I am trying to solve a problem with 3 inputs and 1 output.
Data loaded using pandas .csv file.
train_test_split of the data done.
used standard scaler and minmax scaler.
I have made modifications in the 0318_Feed Forward Network as per my need of 3 inputs and 1 output with 1 hidden layer in between of 3 neurons. It ran w/o any problem.
class FirstFFNetwork:
def __init__(self):
self.w1 = np.random.randn()
self.w2 = np.random.randn()
self.w3 = np.random.randn()
self.w4 = np.random.randn()
self.w5 = np.random.randn()
self.w6 = np.random.randn()
self.w7 = np.random.randn()
self.w8 = np.random.randn()
self.w9 = np.random.randn()
self.w10 = np.random.randn()
self.w11 = np.random.randn()
self.w12 = np.random.randn()
self.b1 = 0
self.b2 = 0
self.b3 = 0
self.b4 = 0
self.b4 = 0
def sigmoid(self, x):
return 1.0/(1.0 + np.exp(-x))
def forward_pass(self, x):
self.x1, self.x2, self.x3 = x
self.a1 = self.w1*self.x1 + self.w2*self.x2 + self.w3*self.x3 + self.b1
self.h1 = self.sigmoid(self.a1)
self.a2 = self.w4*self.x1 + self.w5*self.x2 + self.w6*self.x3 + self.b2
self.h2 = self.sigmoid(self.a2)
self.a3 = self.w7*self.x1 + self.w8*self.x2 + self.w9*self.x3 + self.b3
self.h3 = self.sigmoid(self.a3)
self.a4 = self.w10*self.h1 + self.w11*self.h2 + self.w12*self.h3 + self.b4
self.h4 = self.sigmoid(self.a3)
return self.h4
def grad(self, x, y):
self.forward_pass(x)
self.dw10 = (self.h4-y) * self.h4*(1-self.h4) * self.h1
self.dw11 = (self.h4-y) * self.h4*(1-self.h4) * self.h2
self.dw12 = (self.h4-y) * self.h4*(1-self.h4) * self.h3
self.db4 = (self.h4-y) * self.h4*(1-self.h4)

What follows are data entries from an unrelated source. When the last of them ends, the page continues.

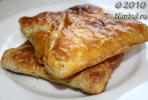 Ну что ж, друзья! Давайте испечём слоёные хачапури! Для теста возьмём 1/4 стакана растительного масла, 1,5 стакана воды, 4,5 стакана муки и щепотку соли! Хорошенько замесим и разделим тесто на 4 части! Заранее приготовим 2 пачки размягченного масла или маргарина! Я предпочитаю маргарин, не так жирно! Первую часть теста раскатаем, и по всей поверхности смажем 1/4 частью пачки маргарина, и завернем конвертом! И так поступим с оставшимися тремя частями! Одна пачка маргарина у нас ушла! Все четыре конверта посыпать мукой, положить на деревянную разделочную доску, тоже посыпанную мукой! Засунуть в целлофан и в холод на полчаса, только не в морозильник! Затем вытащить и смазать второй пачкой маргарина, по 1/4 на каждую часть теста! И завернуть конвертом! И опять в холод на полчаса! Хочу сказать: перед тем, как накладывать начинку, тесто раскатайте и сложите конвертом, чем больше раз Вы будете раскатывать и складывать конвертом тесто, тем больше будет слоёв, тем пышнее и вкуснее будет тесто! Если не собираетесь печь сию минуту, то тесто можно хранить 10, даже 14 дней в холодильнике! А для хачапури взять 0,5 кг брынзы, залить кипятком, чтобы было не так солёно, держать полчаса, затем вынуть, хорошенько размягчить, добавить 2 яйца, десертной ложкой накладывать на раскатанное тесто! У нас было четыре конверта, каждую часть разделить ещё на четыре части. У нас получится 16 хачапури! А СКЛАДЫВАТЬ ХАЧАПУРИ КОРАБЛИКОМ, т.е. соединять противоположные концы! Смазать яйцом, и в горячую духовку, заранее разогретую! Если не любите солёное, можно к сыру добавить творог, грамм 200. Но прелесть хачапури всё же в солёном сыре, так что лучше ешьте со свежими помидорами. Вкус специфический! Обалденно вкусно! А в конце хочу сказать: тесто универсальное! Можно сделать пирожки с мясом, с капустой, с любой сладкой начинкой! На здоровье!
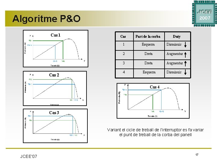 Algorisme de control Diferents mètodes de control MPPT • Pertorbació i observació (P&O) • Conductància incremental (Inc. Cond) • Voltatge constant (CV) Pertorbació i observació (P&O) • Fàcil implementació • Eficient, per una meteorologia poc variable com la nostra • Aquest mètode de control és una base per molts algorismes més complexes. JCEE’ 07 16
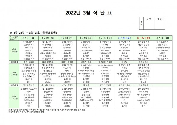 3월 넷째주 식단표 페이지 정보 작성자 은천노인복지회 작성일22-03-17 17:31 조회108,742회 댓글0건 관련링크 이전글 다음글 목록 답변 본문 . 이전글 다음글 목록 답변

self.dw1 = (self.h4-y) * self.h4*(1-self.h4) * self.w10 * self.h1*(1-self.h1) * self.x1
self.dw2 = (self.h4-y) * self.h4*(1-self.h4) * self.w10 * self.h1*(1-self.h1) * self.x2
self.dw3 = (self.h4-y) * self.h4*(1-self.h4) * self.w10 * self.h1*(1-self.h1) * self.x3
self.db1 = (self.h4-y) * self.h4*(1-self.h3) * self.w10 * self.h1*(1-self.h1)
self.dw4 = (self.h4-y) * self.h4*(1-self.h4) * self.w11 * self.h2*(1-self.h2) * self.x1
self.dw5 = (self.h4-y) * self.h4*(1-self.h4) * self.w11 * self.h2*(1-self.h2) * self.x2
self.dw6 = (self.h4-y) * self.h4*(1-self.h4) * self.w11 * self.h2*(1-self.h2) * self.x3
self.db2 = (self.h4-y) * self.h4*(1-self.h4) * self.w11 * self.h2*(1-self.h2)
self.dw7 = (self.h4-y) * self.h4*(1-self.h4) * self.w12 * self.h3*(1-self.h3) * self.x1
self.dw8 = (self.h4-y) * self.h4*(1-self.h4) * self.w12 * self.h3*(1-self.h3) * self.x2
self.dw9 = (self.h4-y) * self.h4*(1-self.h4) * self.w12 * self.h3*(1-self.h3) * self.x3
self.db3 = (self.h4-y) * self.h4*(1-self.h3) * self.w12 * self.h3*(1-self.h3)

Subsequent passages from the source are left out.